Esther Tobarra | País de Gales, Reino Unido.
En la última década, el debate sobre los modelos de economía planetaria ha puesto el foco en uno de los actores más influyentes y menos regulados: el sistema agroalimentario global. Responsable directo del 37% de las emisiones globales de metano, la industria alimentaria es, paradójicamente, uno de los pilares de la crisis climática que amenaza el equilibrio ecológico y la salud pública del planeta .
El metano, potente gas de efecto invernadero, se ha convertido en protagonista involuntario de la narrativa climática.
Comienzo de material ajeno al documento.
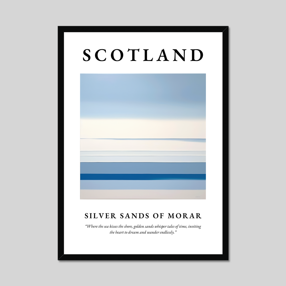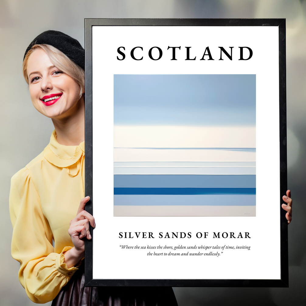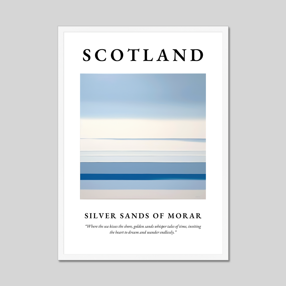 Silver Sands of Morar, located on the west coast of Scotland, is a place of breathtaking beauty, renowned for its pristine beaches and stunning vistas. Stretching along the coastline, these sands glisten with a golden hue under the Scottish sun, creating a perfect blend of sea and land. The area's tranquil atmosphere and picturesque landscapes have long inspired poets, dreamers, and wanderers. Our poster captures this essence, drawing upon the ethereal quality of the sands and the vast, inviting sky.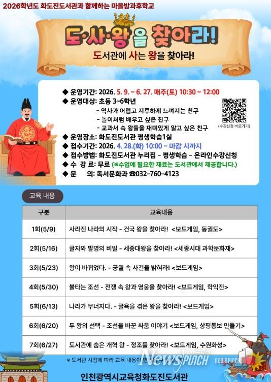 뉴스펀치 정홍균 기자 | 인천광역시교육청화도진도서관은 5월 9일부터 6월 27일까지 매주 토요일, 초등 3~6학년을 대상으로 역사 프로그램‘도서관에서 사는 왕을 찾아라!’를 운영한다.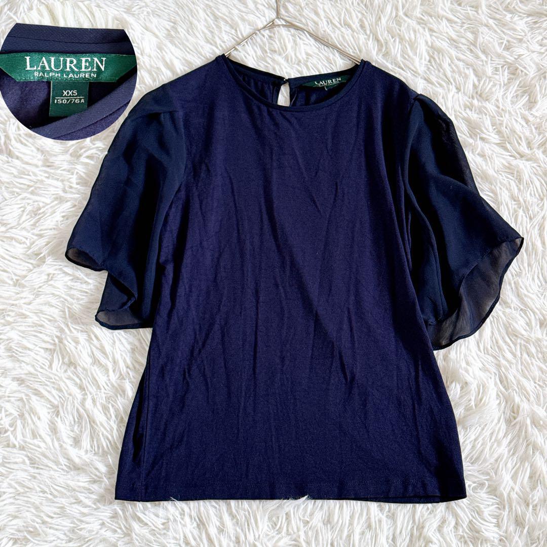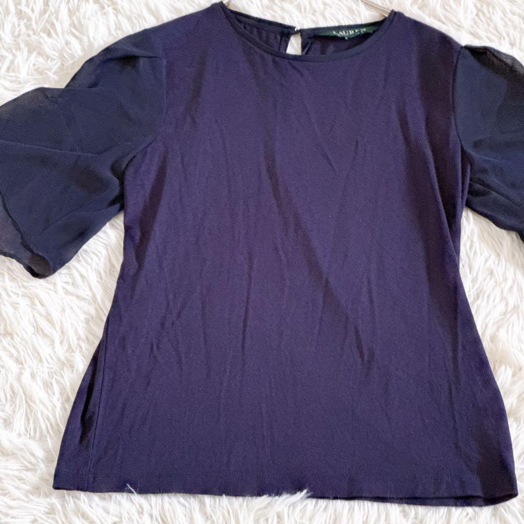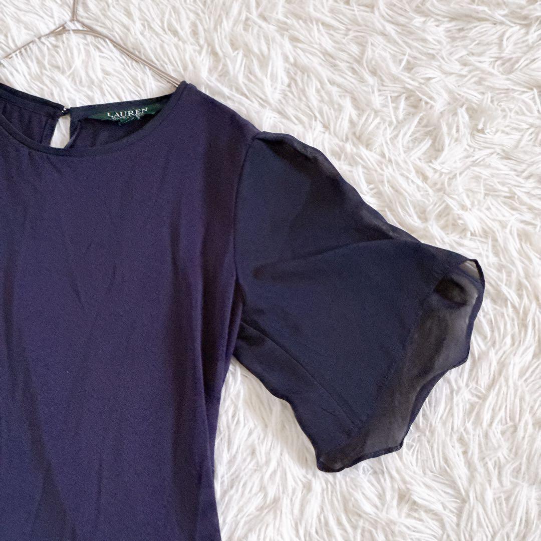 ローレンラルフローレン RALPHLAUREN ブラウス シアースリーブ 半袖トップス カットソー シフォン袖 ロゴボタン レディース ネイビー 紺 フォーマル オフィスカジュアル 通勤 涼しげ

A menudo, el ganado bovino es señalado como principal culpable, pero esta explicación superficial ignora la raíz estructural del problema: un modelo agroindustrial intensivo, basado en monocultivos, ganadería a gran escala y sistemas de producción diseñados para maximizar beneficios, no para proteger el medio ambiente.
La industria, lejos de cuestionar su funcionamiento, busca soluciones técnicas que le permitan mantener el statu quo. Entre ellas, el desarrollo de vacunas para modificar la flora intestinal de los rumiantes, o la cría selectiva de animales con menor capacidad metanógena. Sin embargo, estas estrategias evitan enfrentar la verdadera cuestión: ¿es sostenible un modelo que destina un tercio del suelo terrestre no helado ni desértico a la agroindustria, desperdicia el 30% de los alimentos que produce, y ha eliminado el 75% de la diversidad genética de los cultivos en el último siglo?.
Esta pérdida, conocida como “erosión genética”, es irreversible y representa una amenaza directa para la seguridad alimentaria global. Hoy, nuestra dieta depende mayoritariamente de cuatro variedades de cultivos homogéneos, altamente vulnerables a plagas, enfermedades o fenómenos climáticos extremos. Además, el 87% de los recursos fitogenéticos utilizados en el África subsahariana provienen del exterior, perpetuando una dependencia estructural y socavando la soberanía alimentaria de la región.
Mientras tanto, unas pocas corporaciones controlan el 73% del mercado mundial de semillas y fertilizantes, facturando alrededor del 10% del PIB global. Estas empresas operan bajo un modelo que algunos expertos no dudan en calificar de “biopiratería”. A través de la expansión de monocultivos intensivos, no solo contribuyen a la degradación ambiental y el agotamiento de recursos naturales, sino que también profundizan desigualdades sociales y sanitarias.
La paradoja es cruda: producimos más alimentos que nunca, pero millones de personas siguen pasando hambre. En contrapartida, el hemisferio norte sufre una malnutrición basada en dietas hipercalóricas, pobres en micronutrientes y asociadas a enfermedades crónicas no transmisibles.
Pese al sombrío panorama, hay una oportunidad. La evidencia científica es clara: el actual modelo agroalimentario es insostenible. Y eso significa que también es transformable. Reformar nuestros sistemas de producción, distribución y consumo puede convertirse en una de las estrategias más eficaces para frenar el cambio climático y restaurar la equidad global. Mientras tanto, la política y la economía deberían, al igual que la ciencia, responder con datos, ética y compromiso.
Frente a la disyuntiva, cabe preguntarse: si somos lo que comemos… ¿estamos dispuestos a seguir siendo cambio climático?